Category: Science & Technology
Posted: August 20, 2012 01:42PM
Author: Guest_Jim_*

Within all living organisms is some form of DNA that stores all of the information needed to keep the organism alive and make another copy of the life form. As you may be able to image, that is a lot of information, but DNA is very efficient at what it does and has a high information density. This is why researchers have been looking to it as a means to store other kinds of information, and researchers at Harvard Medical School have recently managed to encode a soon-to-be released book into DNA.

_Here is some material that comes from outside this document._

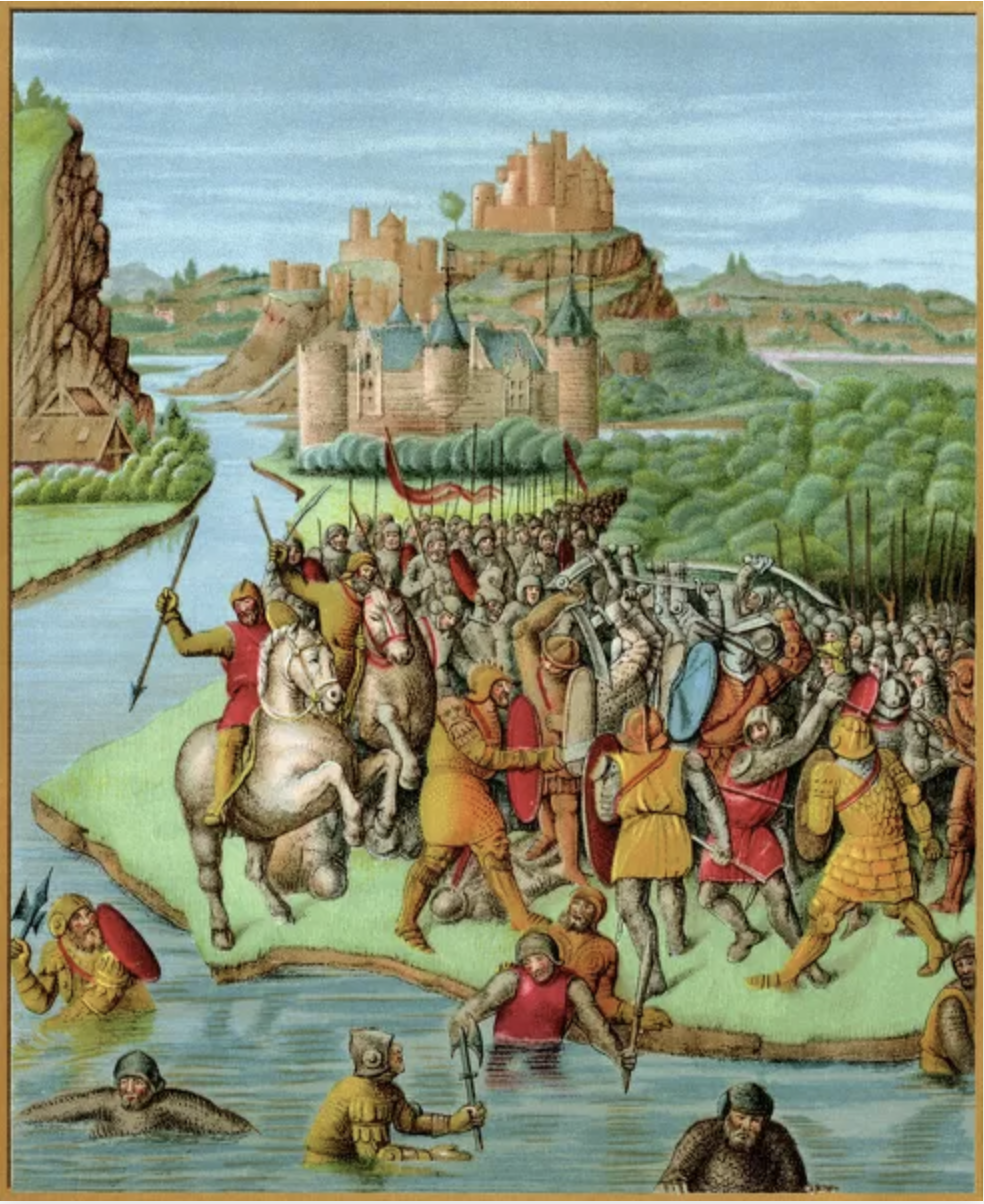 Jonathan battling Baccide, from a French translation of Josephus History of the Jews, 1400s.
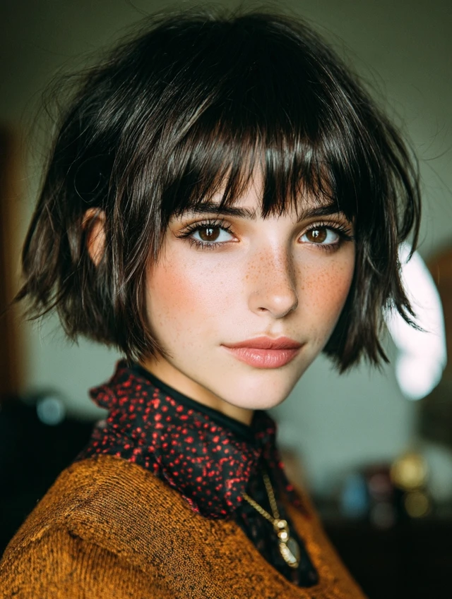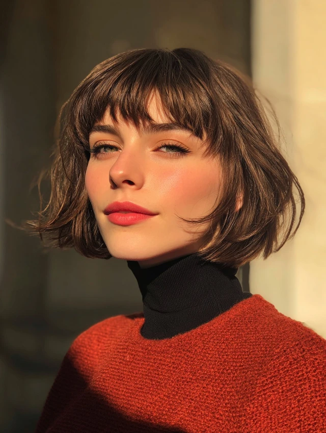 A French bob with short bangs sits above the jaw and feels chic. This style suits petite and oval face shapes. The shorter fringe adds personality and draws attention to the eyes.

This is not the first time digital data has been stored in DNA before, but the book, with jpeg images and HTML formatting, is roughly 1000 times larger than the previous record for DNA storage. Of course the researchers made certain choices that enabled this. The DNA is synthetic and is not in a currently living organism, which is important as it allows the entire molecule to be used for data storage. Another decision the researchers made was to borrow from information technology as it encoded the book in 96-bit data blocks with a 19-bit address. A more traditional method is to take advantage of overlapping sequences in DNA strands to guide assembly.

The encoded book, Regenesis: How Synthetic Biology Will Reinvent Nature and Ourselves, has a release date of October 2, and thanks to the ease with which DNA is replicated, 70 billion copies have already been made. The team actually considered having the printed copies shipped with a DNA copy, but as the book in part discusses the importance of supervision when it comes to this synthetic biology, they decided against it.